**WHAT THE TASK REQUIRES**. Write the data out again exactly, dropping any images it holds.

**DATASET EXTRACT**.
☆ ☆ ☆

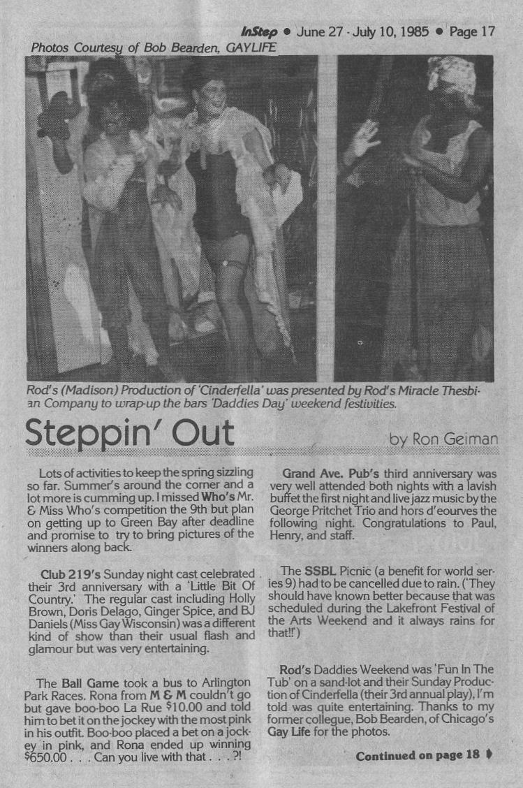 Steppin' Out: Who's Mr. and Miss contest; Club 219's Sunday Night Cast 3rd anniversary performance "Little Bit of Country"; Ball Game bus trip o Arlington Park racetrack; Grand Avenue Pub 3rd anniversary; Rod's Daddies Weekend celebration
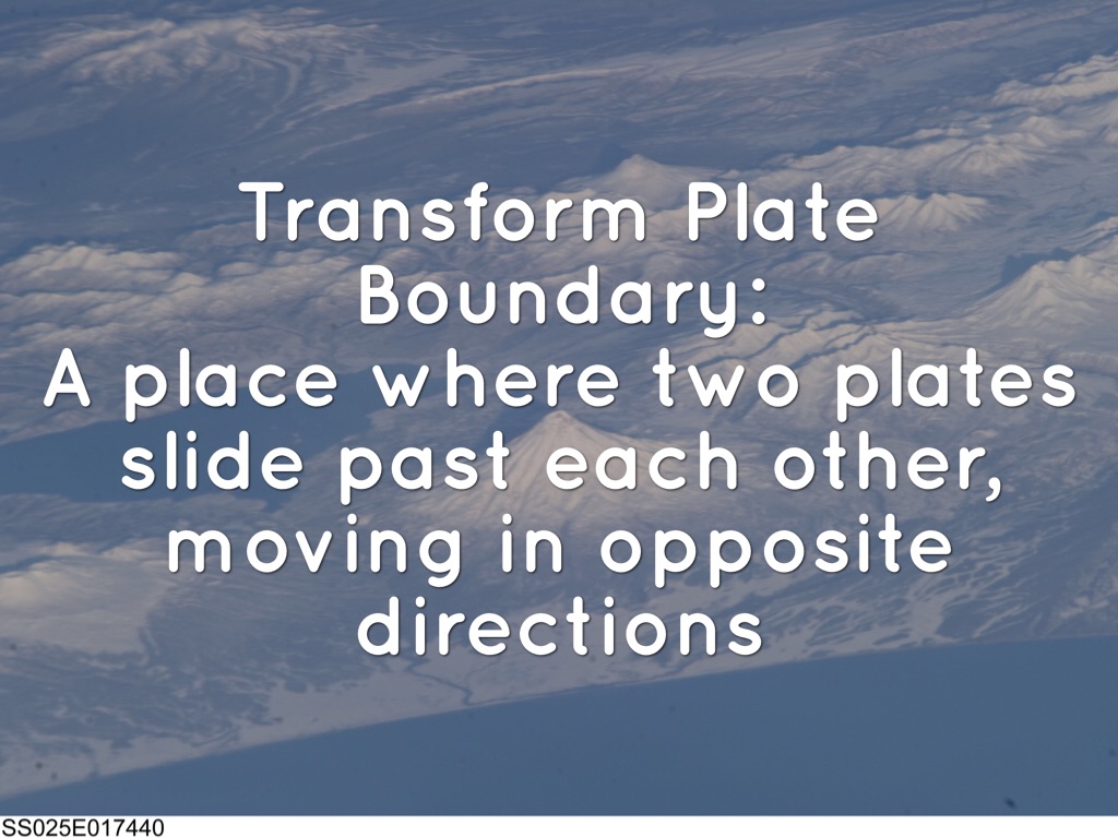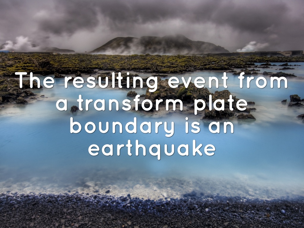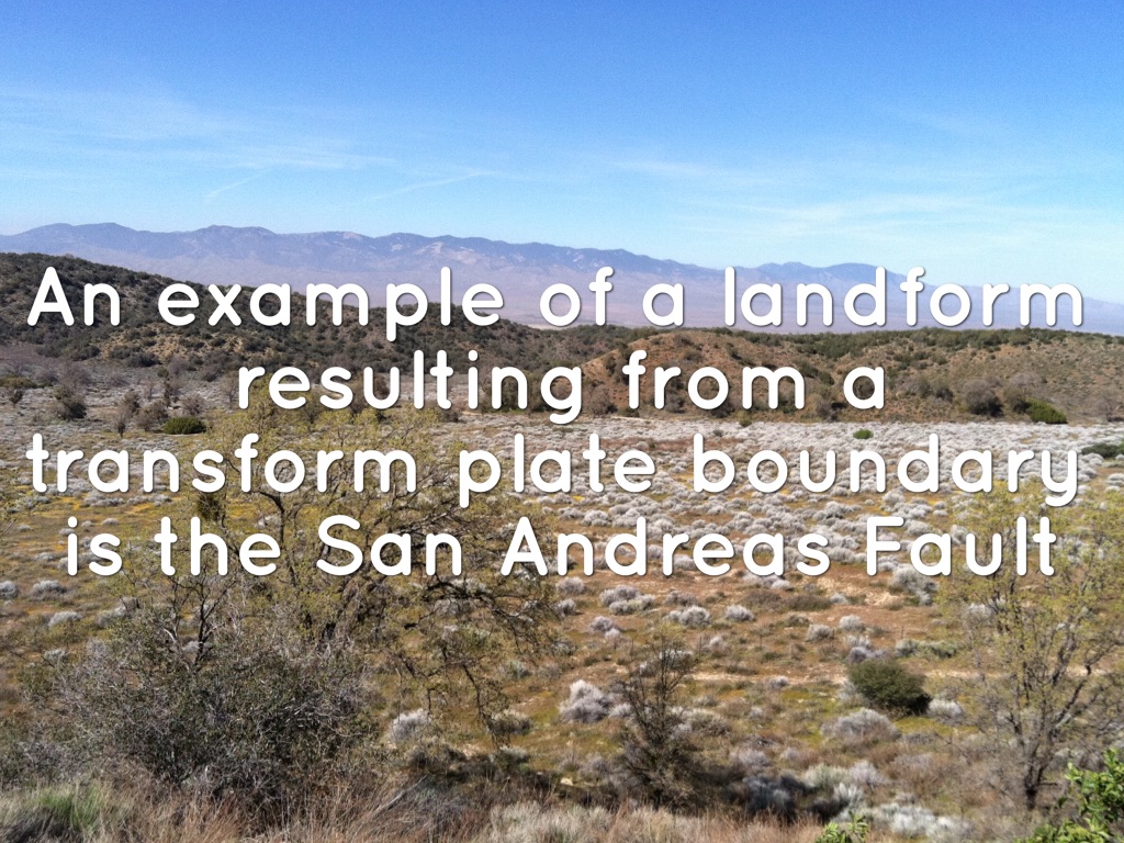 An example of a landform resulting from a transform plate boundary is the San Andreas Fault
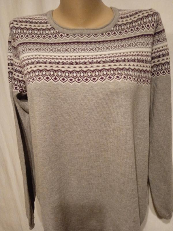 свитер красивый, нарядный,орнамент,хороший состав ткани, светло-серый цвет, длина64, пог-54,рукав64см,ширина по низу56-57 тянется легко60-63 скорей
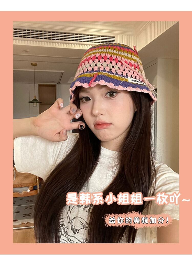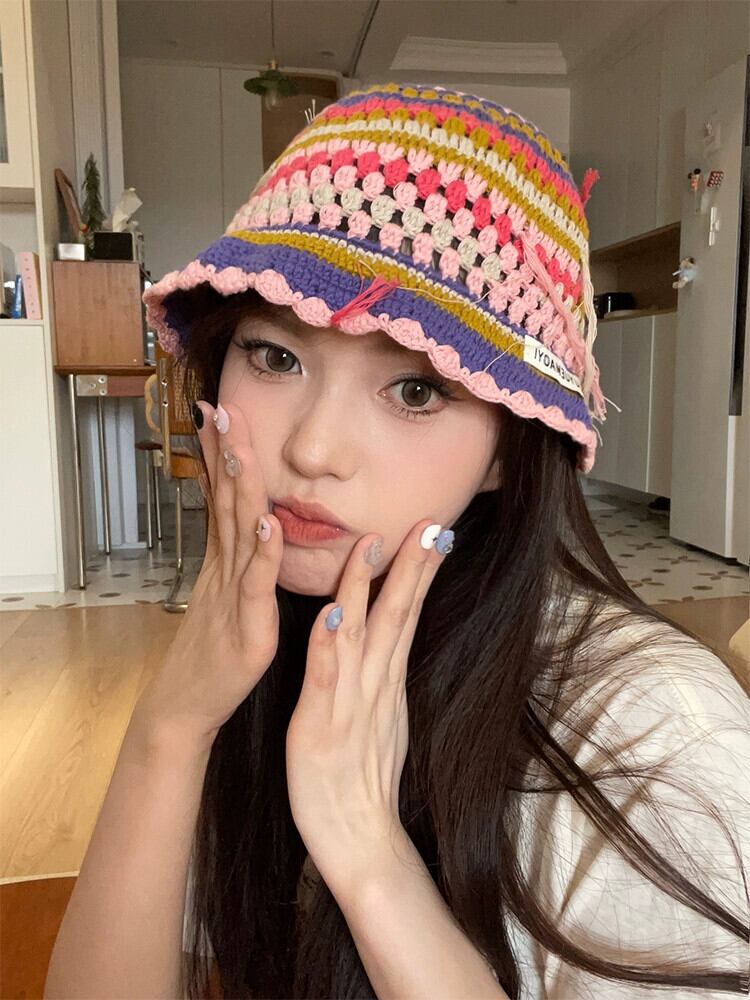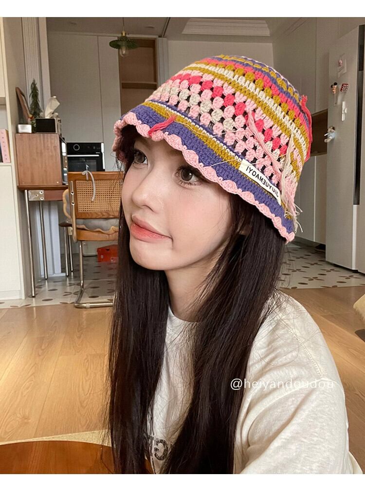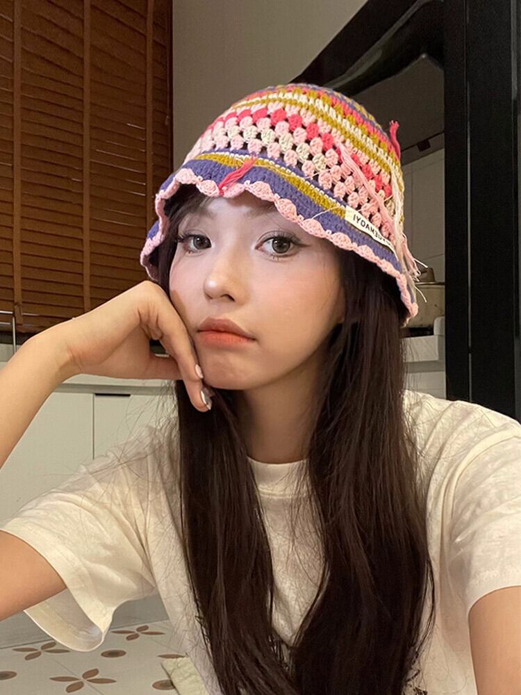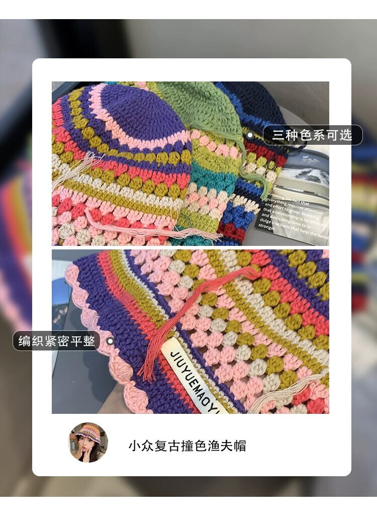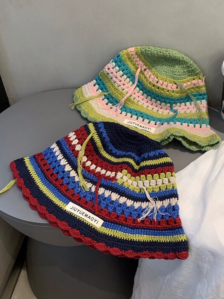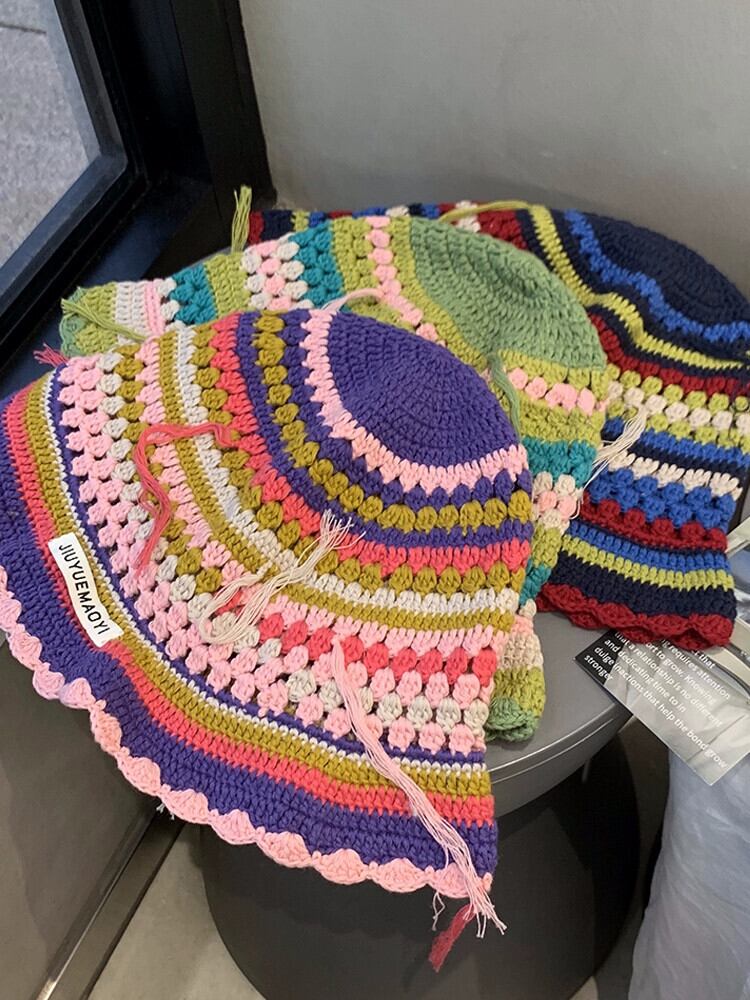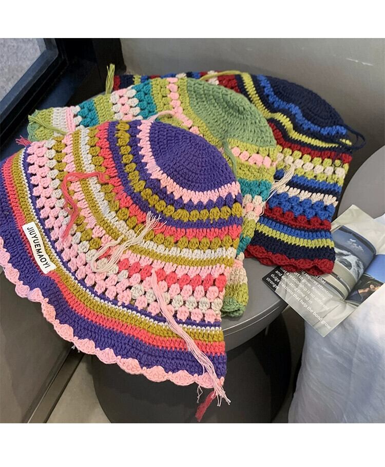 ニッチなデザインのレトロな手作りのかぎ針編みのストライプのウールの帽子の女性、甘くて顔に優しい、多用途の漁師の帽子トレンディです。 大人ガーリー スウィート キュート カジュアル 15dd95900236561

☆ ☆ ☆

**RESPONSE TO THE TASK**.
 Steppin' Out: Who's Mr. and Miss contest; Club 219's Sunday Night Cast 3rd anniversary performance "Little Bit of Country"; Ball Game bus trip o Arlington Park racetrack; Grand Avenue Pub 3rd anniversary; Rod's Daddies Weekend celebration
 An example of a landform resulting from a transform plate boundary is the San Andreas Fault
 свитер красивый, нарядный,орнамент,хороший состав ткани, светло-серый цвет, длина64, пог-54,рукав64см,ширина по низу56-57 тянется легко60-63 скорей
 ニッチなデザインのレトロな手作りのかぎ針編みのストライプのウールの帽子の女性、甘くて顔に優しい、多用途の漁師の帽子トレンディです。 大人ガーリー スウィート キュート カジュアル 15dd95900236561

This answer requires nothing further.